(Given information begins)

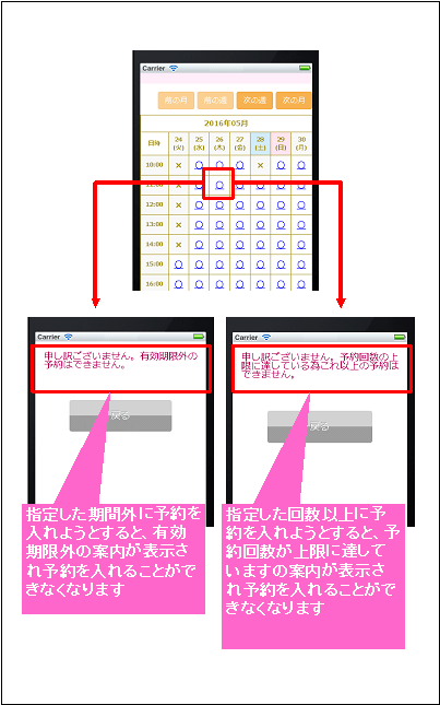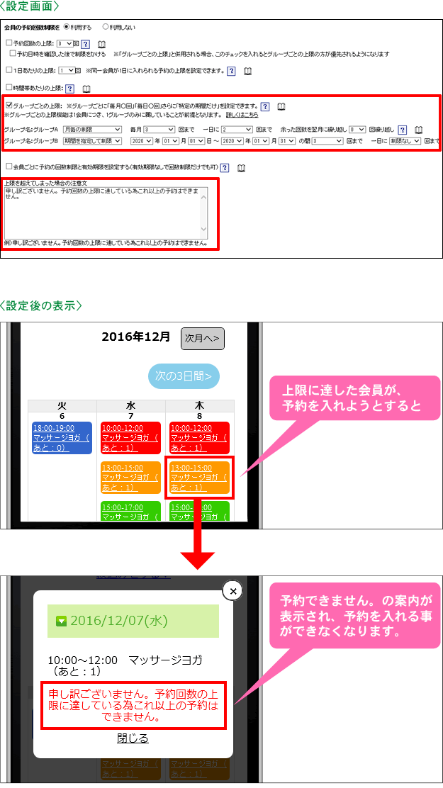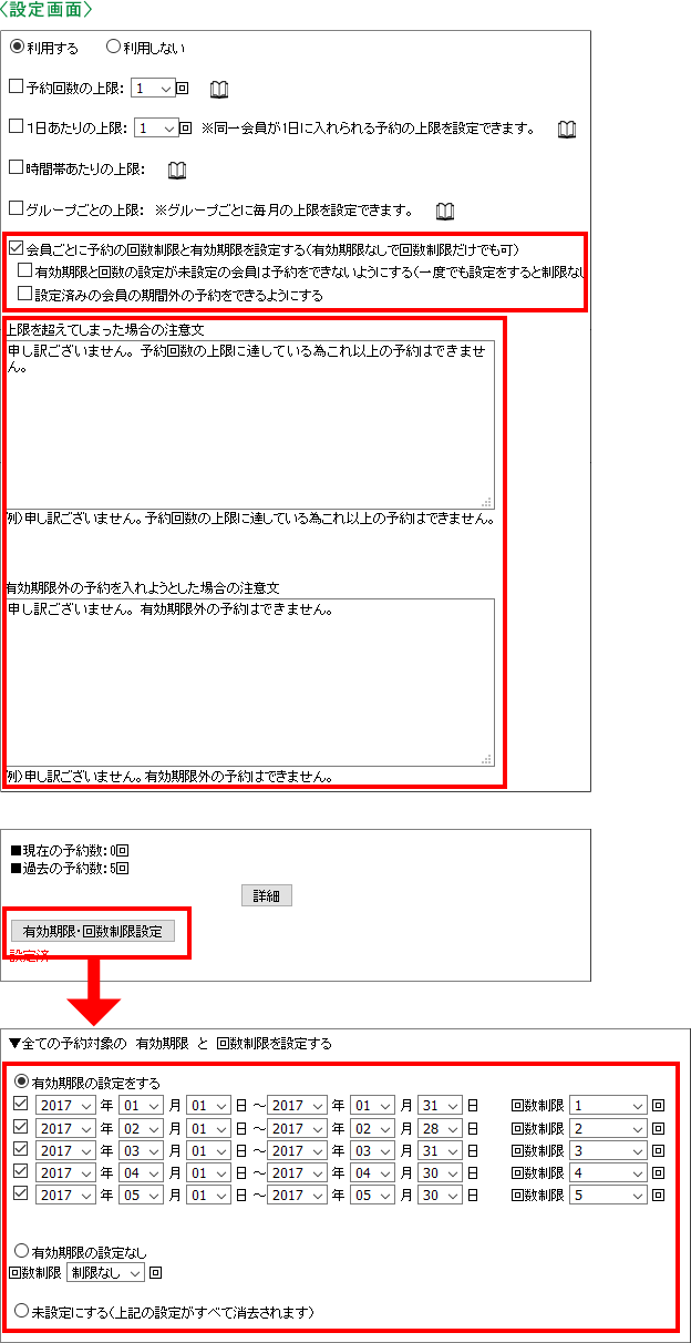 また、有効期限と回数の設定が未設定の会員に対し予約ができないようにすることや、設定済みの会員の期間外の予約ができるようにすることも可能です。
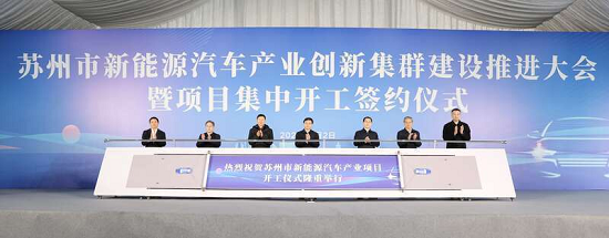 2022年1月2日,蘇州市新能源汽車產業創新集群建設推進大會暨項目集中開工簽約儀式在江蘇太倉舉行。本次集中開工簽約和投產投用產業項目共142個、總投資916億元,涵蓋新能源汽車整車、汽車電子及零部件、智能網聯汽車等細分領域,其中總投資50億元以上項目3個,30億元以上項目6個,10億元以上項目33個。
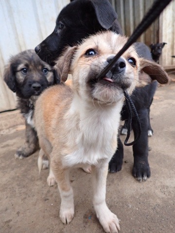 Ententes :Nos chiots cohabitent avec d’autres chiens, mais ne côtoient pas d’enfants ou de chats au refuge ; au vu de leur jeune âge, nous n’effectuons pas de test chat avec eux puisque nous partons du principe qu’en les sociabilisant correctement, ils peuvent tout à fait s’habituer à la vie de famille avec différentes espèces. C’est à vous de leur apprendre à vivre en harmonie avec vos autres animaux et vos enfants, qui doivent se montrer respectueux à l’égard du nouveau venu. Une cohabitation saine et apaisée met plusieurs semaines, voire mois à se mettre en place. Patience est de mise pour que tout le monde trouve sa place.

(Given information ends)

Task item:
Restate the whole of the material word for word without the pictures.

Exercise output:
 また、有効期限と回数の設定が未設定の会員に対し予約ができないようにすることや、設定済みの会員の期間外の予約ができるようにすることも可能です。
 2022年1月2日,蘇州市新能源汽車產業創新集群建設推進大會暨項目集中開工簽約儀式在江蘇太倉舉行。本次集中開工簽約和投產投用產業項目共142個、總投資916億元,涵蓋新能源汽車整車、汽車電子及零部件、智能網聯汽車等細分領域,其中總投資50億元以上項目3個,30億元以上項目6個,10億元以上項目33個。
 Ententes :Nos chiots cohabitent avec d’autres chiens, mais ne côtoient pas d’enfants ou de chats au refuge ; au vu de leur jeune âge, nous n’effectuons pas de test chat avec eux puisque nous partons du principe qu’en les sociabilisant correctement, ils peuvent tout à fait s’habituer à la vie de famille avec différentes espèces. C’est à vous de leur apprendre à vivre en harmonie avec vos autres animaux et vos enfants, qui doivent se montrer respectueux à l’égard du nouveau venu. Une cohabitation saine et apaisée met plusieurs semaines, voire mois à se mettre en place. Patience est de mise pour que tout le monde trouve sa place.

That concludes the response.